- Data to process:
****************************************
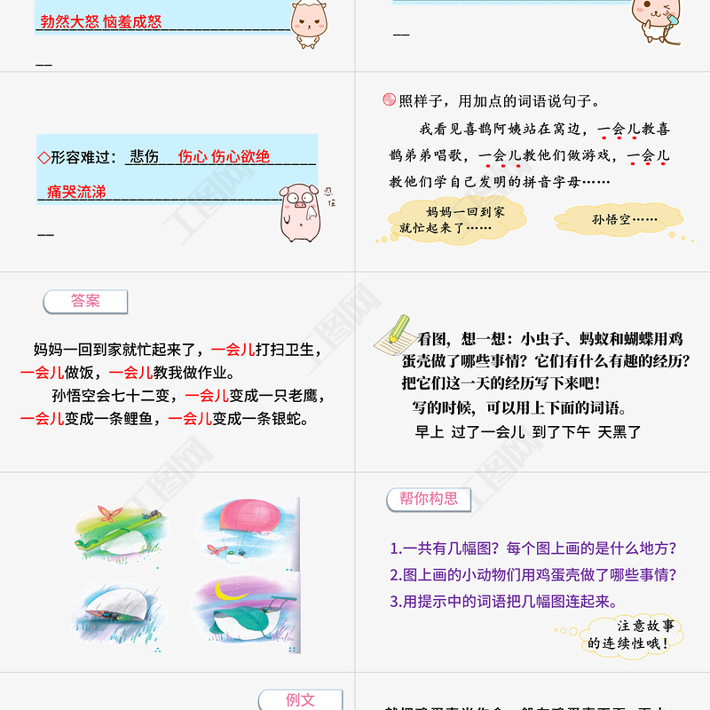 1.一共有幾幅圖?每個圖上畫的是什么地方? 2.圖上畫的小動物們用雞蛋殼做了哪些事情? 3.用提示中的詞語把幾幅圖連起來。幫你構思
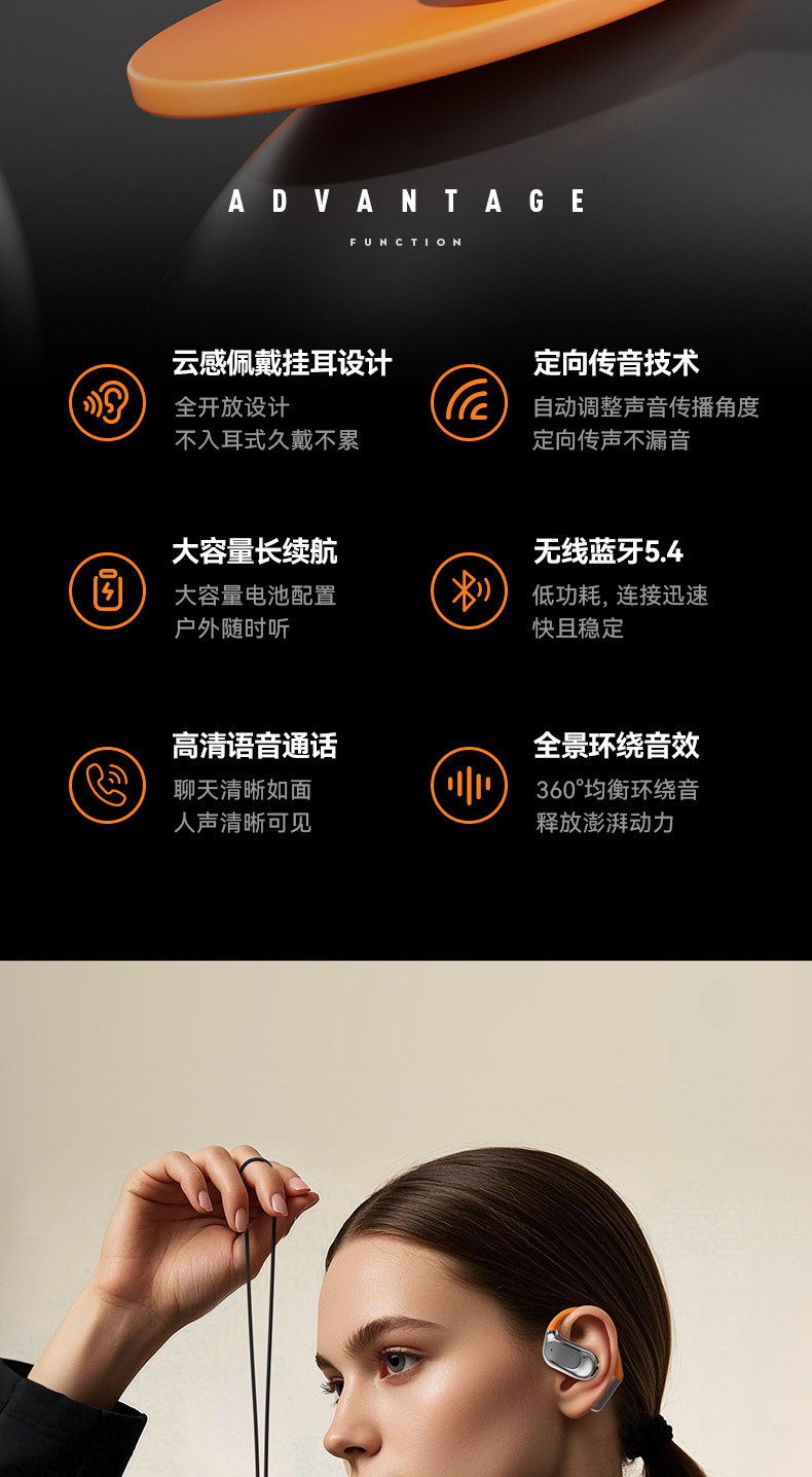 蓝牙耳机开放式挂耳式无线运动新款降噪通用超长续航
****************************************
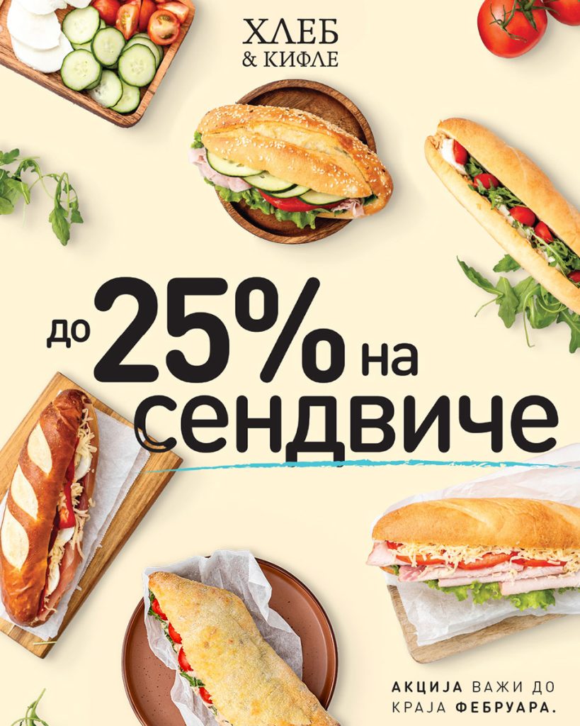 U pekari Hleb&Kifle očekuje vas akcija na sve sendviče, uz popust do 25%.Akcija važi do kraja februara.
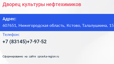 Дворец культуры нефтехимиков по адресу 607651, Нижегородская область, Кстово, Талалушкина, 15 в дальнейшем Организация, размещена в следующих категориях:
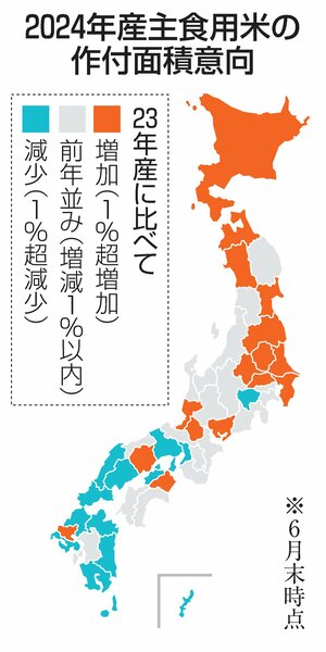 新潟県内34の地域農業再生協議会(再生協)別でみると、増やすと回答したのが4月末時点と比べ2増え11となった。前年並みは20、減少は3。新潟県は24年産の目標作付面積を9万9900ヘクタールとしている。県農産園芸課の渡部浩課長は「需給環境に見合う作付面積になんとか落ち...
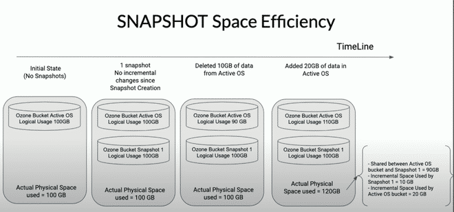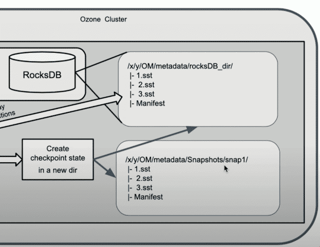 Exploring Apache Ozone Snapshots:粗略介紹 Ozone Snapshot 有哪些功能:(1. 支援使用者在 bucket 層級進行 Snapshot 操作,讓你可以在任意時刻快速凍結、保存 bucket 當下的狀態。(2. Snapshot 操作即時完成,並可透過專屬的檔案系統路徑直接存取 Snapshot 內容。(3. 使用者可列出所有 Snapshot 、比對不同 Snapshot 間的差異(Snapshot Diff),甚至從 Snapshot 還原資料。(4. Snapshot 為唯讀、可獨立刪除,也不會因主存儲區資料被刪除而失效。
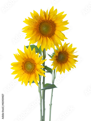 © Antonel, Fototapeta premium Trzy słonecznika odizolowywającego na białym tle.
****************************************
- Task to complete: Your answer should consist of the lines above between those holding "U pekari Hleb&Kifle" and "Дворец культуры нефтехимиков", inclusive, reproduced word for word and without pictures.

- Task result:
 U pekari Hleb&Kifle očekuje vas akcija na sve sendviče, uz popust do 25%.Akcija važi do kraja februara.
 Дворец культуры нефтехимиков по адресу 607651, Нижегородская область, Кстово, Талалушкина, 15 в дальнейшем Организация, размещена в следующих категориях:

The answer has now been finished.